What is required ->
Starting from the line with "Każdy mały policjant" and going up to and including the line with "In the Multiscale", copy the listing below exactly. Leave all images out.

Stored data ->
◆ ◆ ◆ ◆
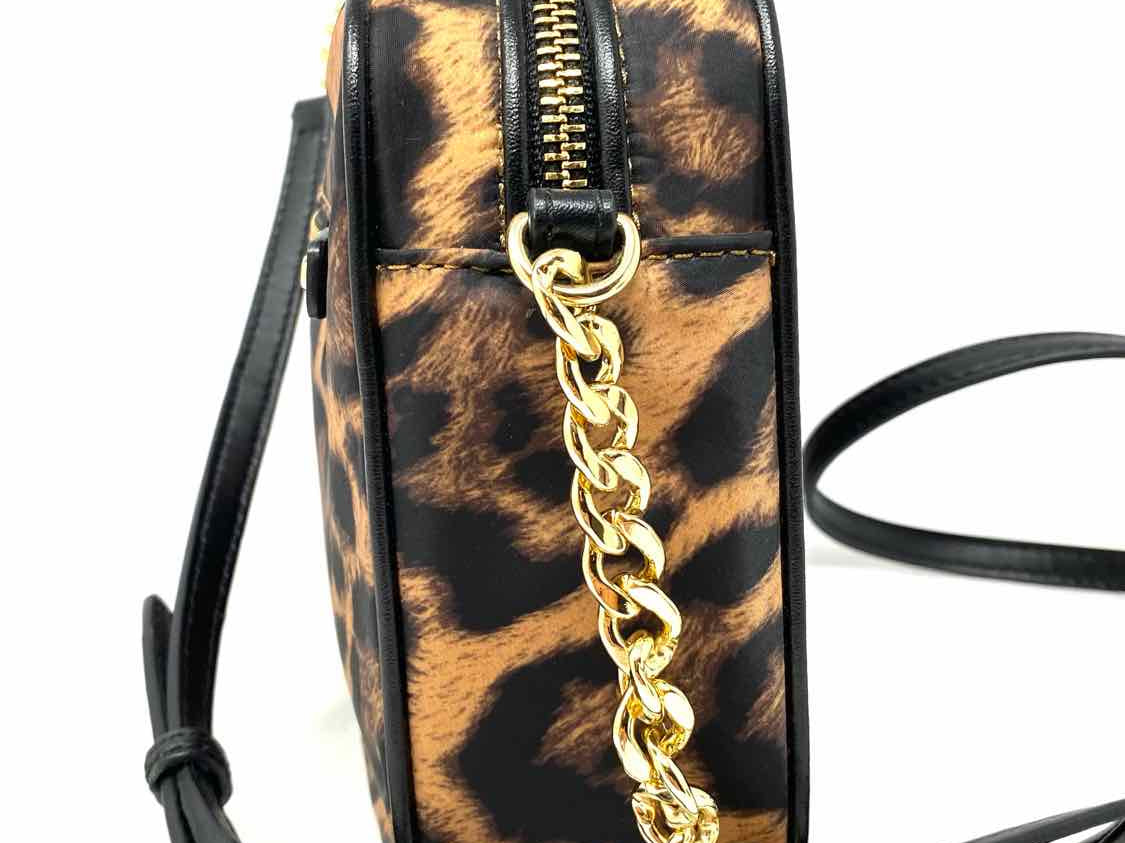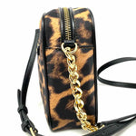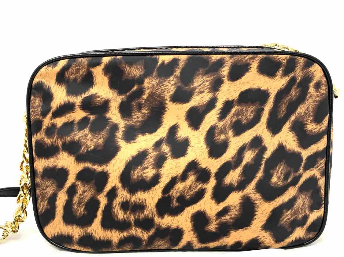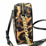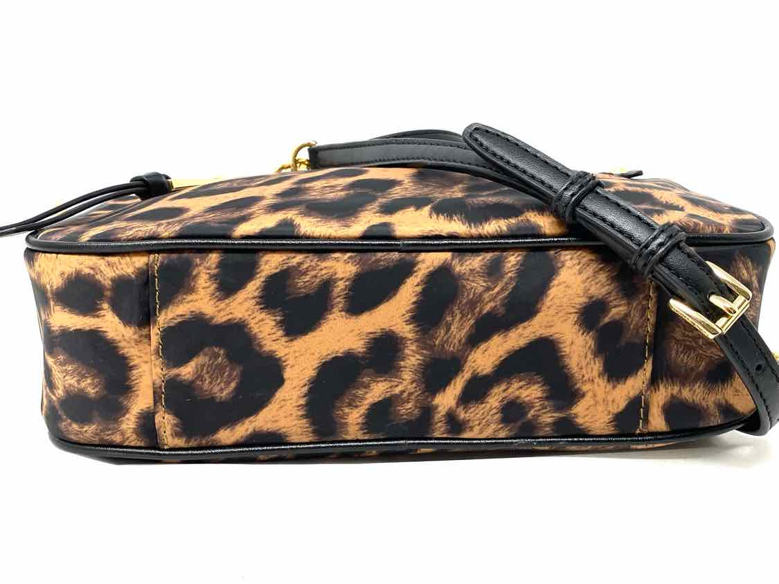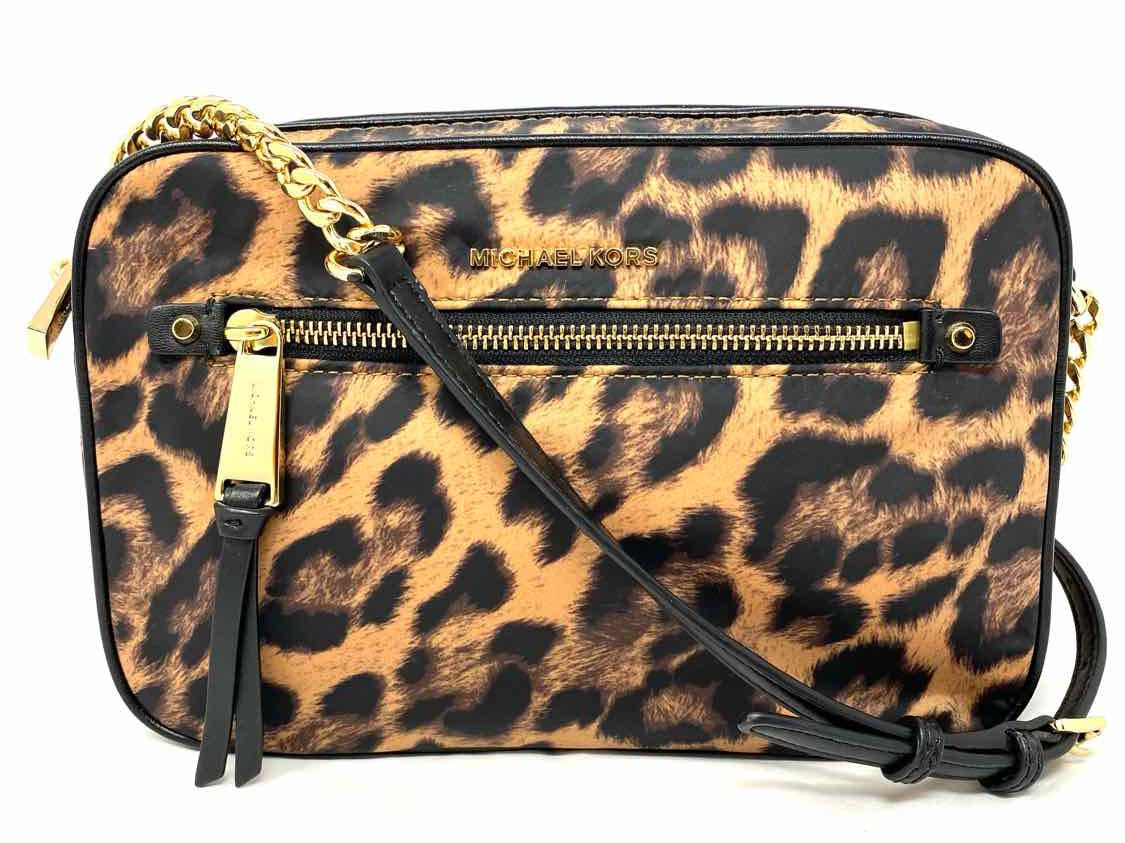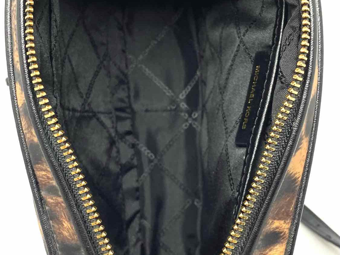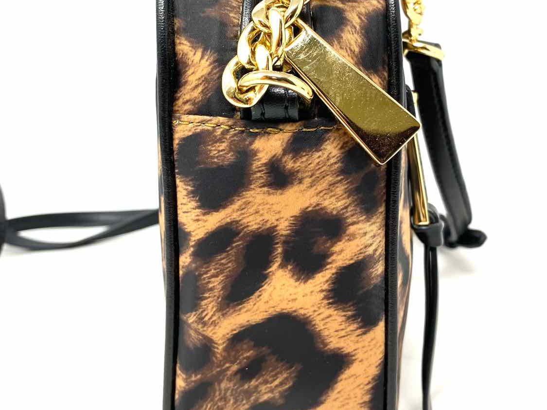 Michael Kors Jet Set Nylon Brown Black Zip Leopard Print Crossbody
◆ ◆ ◆ ◆
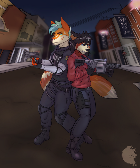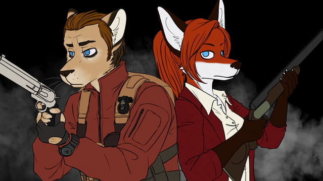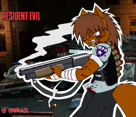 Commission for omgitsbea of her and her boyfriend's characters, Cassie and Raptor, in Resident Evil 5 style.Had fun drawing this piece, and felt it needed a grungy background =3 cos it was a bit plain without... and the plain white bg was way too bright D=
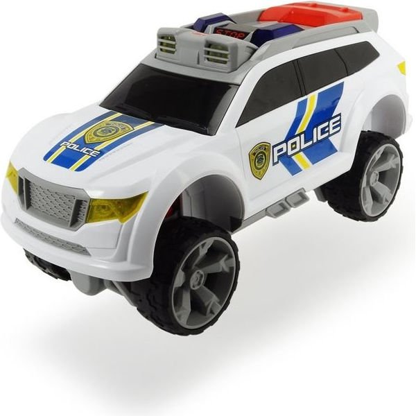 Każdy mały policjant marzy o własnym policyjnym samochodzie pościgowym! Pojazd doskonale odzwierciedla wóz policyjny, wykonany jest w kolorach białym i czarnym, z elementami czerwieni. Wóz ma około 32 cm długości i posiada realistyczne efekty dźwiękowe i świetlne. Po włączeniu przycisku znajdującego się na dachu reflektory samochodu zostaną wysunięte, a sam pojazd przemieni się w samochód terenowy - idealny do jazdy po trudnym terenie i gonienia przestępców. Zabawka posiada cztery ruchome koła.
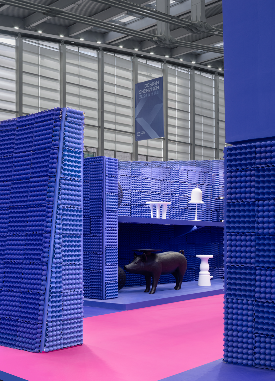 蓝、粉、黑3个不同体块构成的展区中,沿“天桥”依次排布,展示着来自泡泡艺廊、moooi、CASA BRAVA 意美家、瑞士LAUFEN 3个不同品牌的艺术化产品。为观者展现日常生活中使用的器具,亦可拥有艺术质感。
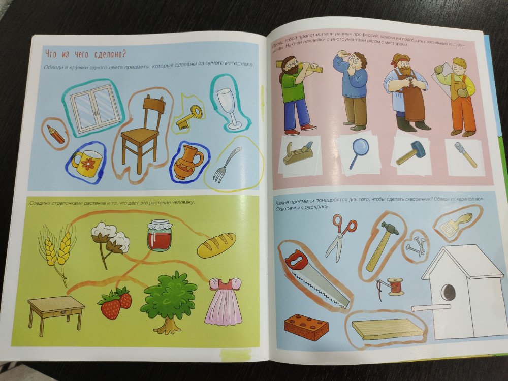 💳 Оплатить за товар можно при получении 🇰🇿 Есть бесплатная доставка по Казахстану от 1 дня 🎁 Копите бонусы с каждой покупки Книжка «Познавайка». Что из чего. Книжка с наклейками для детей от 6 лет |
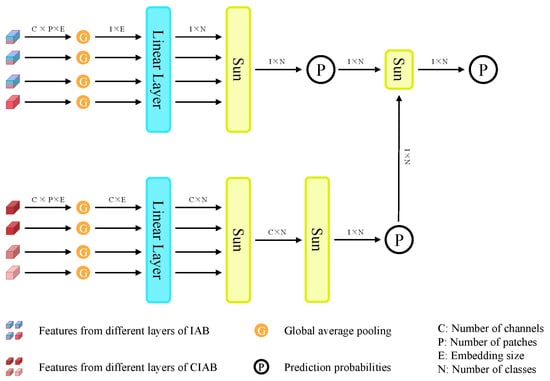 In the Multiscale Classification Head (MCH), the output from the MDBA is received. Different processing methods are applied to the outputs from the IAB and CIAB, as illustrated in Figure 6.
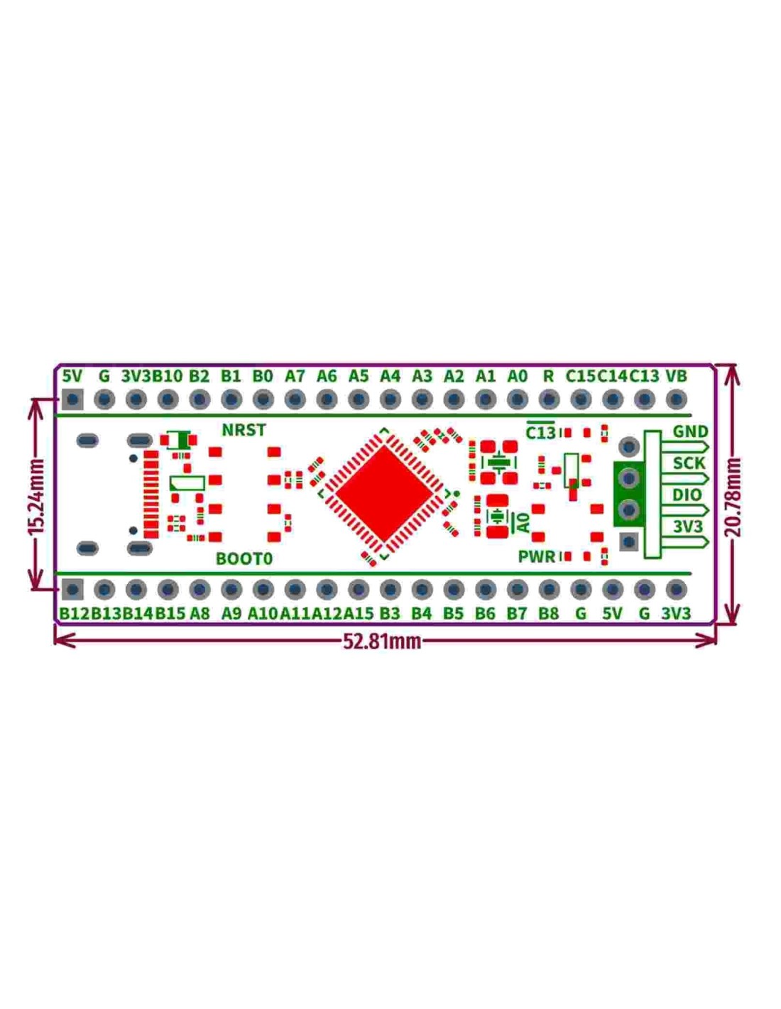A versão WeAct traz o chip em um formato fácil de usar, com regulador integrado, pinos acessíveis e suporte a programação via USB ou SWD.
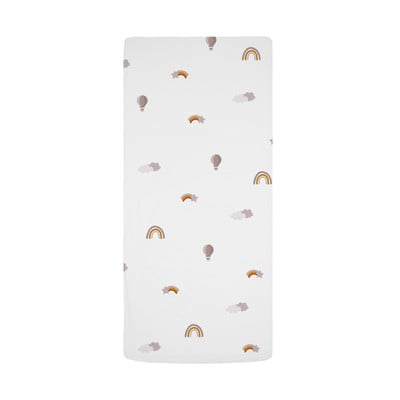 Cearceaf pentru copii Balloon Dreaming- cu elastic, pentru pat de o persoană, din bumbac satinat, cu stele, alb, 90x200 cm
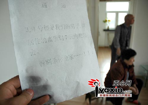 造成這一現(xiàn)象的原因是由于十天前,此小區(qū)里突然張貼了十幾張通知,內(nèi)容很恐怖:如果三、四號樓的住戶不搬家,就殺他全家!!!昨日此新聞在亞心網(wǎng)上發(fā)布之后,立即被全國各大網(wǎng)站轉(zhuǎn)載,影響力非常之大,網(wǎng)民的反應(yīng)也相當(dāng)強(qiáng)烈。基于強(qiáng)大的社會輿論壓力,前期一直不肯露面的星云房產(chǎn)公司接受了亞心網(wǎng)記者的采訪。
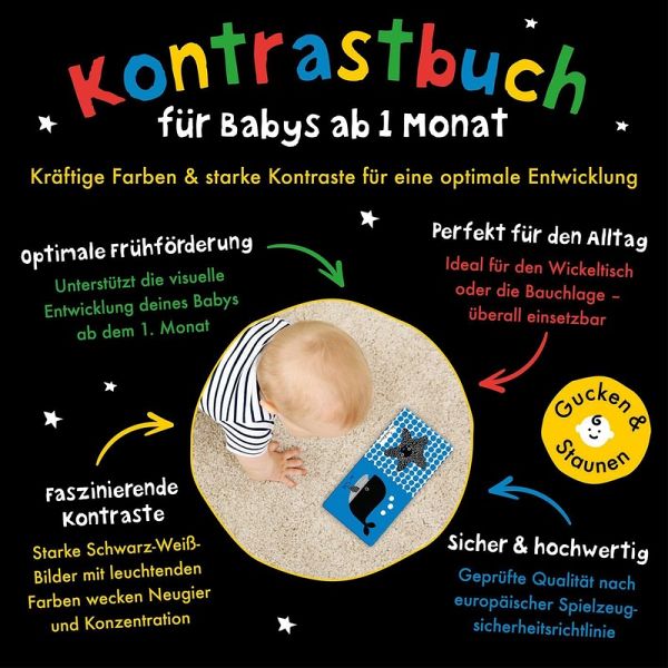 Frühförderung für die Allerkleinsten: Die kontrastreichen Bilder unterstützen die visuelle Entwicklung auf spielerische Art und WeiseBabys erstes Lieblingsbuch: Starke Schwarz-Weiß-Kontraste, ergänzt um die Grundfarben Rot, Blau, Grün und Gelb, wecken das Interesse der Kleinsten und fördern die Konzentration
◆ ◆ ◆ ◆
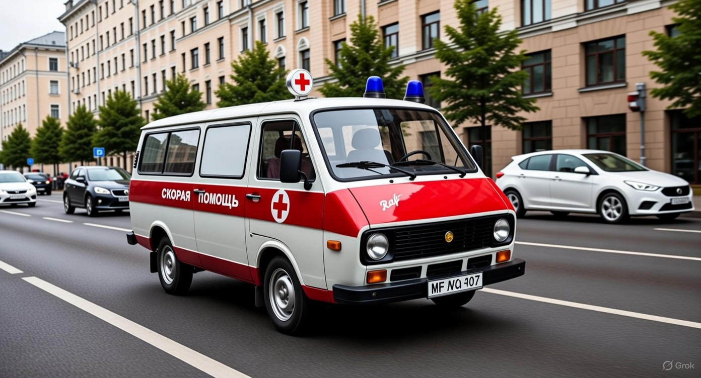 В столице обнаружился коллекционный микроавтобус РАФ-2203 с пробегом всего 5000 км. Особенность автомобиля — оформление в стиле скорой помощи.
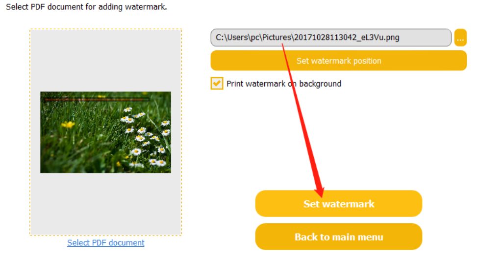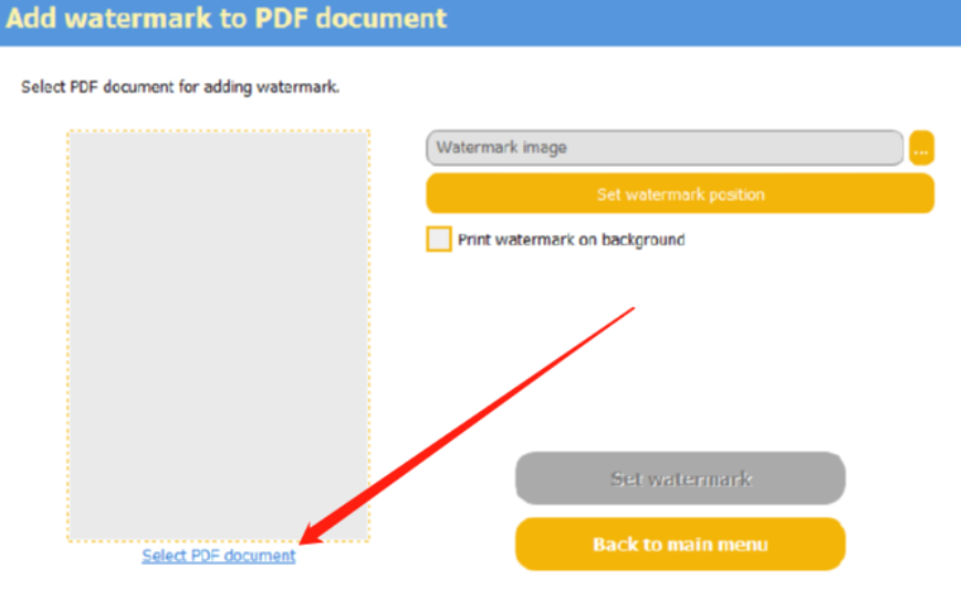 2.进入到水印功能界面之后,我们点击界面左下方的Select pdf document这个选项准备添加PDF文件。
◆ ◆ ◆ ◆
Response box ->
 Każdy mały policjant marzy o własnym policyjnym samochodzie pościgowym! Pojazd doskonale odzwierciedla wóz policyjny, wykonany jest w kolorach białym i czarnym, z elementami czerwieni. Wóz ma około 32 cm długości i posiada realistyczne efekty dźwiękowe i świetlne. Po włączeniu przycisku znajdującego się na dachu reflektory samochodu zostaną wysunięte, a sam pojazd przemieni się w samochód terenowy - idealny do jazdy po trudnym terenie i gonienia przestępców. Zabawka posiada cztery ruchome koła.
 蓝、粉、黑3个不同体块构成的展区中,沿“天桥”依次排布,展示着来自泡泡艺廊、moooi、CASA BRAVA 意美家、瑞士LAUFEN 3个不同品牌的艺术化产品。为观者展现日常生活中使用的器具,亦可拥有艺术质感。
 💳 Оплатить за товар можно при получении 🇰🇿 Есть бесплатная доставка по Казахстану от 1 дня 🎁 Копите бонусы с каждой покупки Книжка «Познавайка». Что из чего. Книжка с наклейками для детей от 6 лет |
 In the Multiscale Classification Head (MCH), the output from the MDBA is received. Different processing methods are applied to the outputs from the IAB and CIAB, as illustrated in Figure 6.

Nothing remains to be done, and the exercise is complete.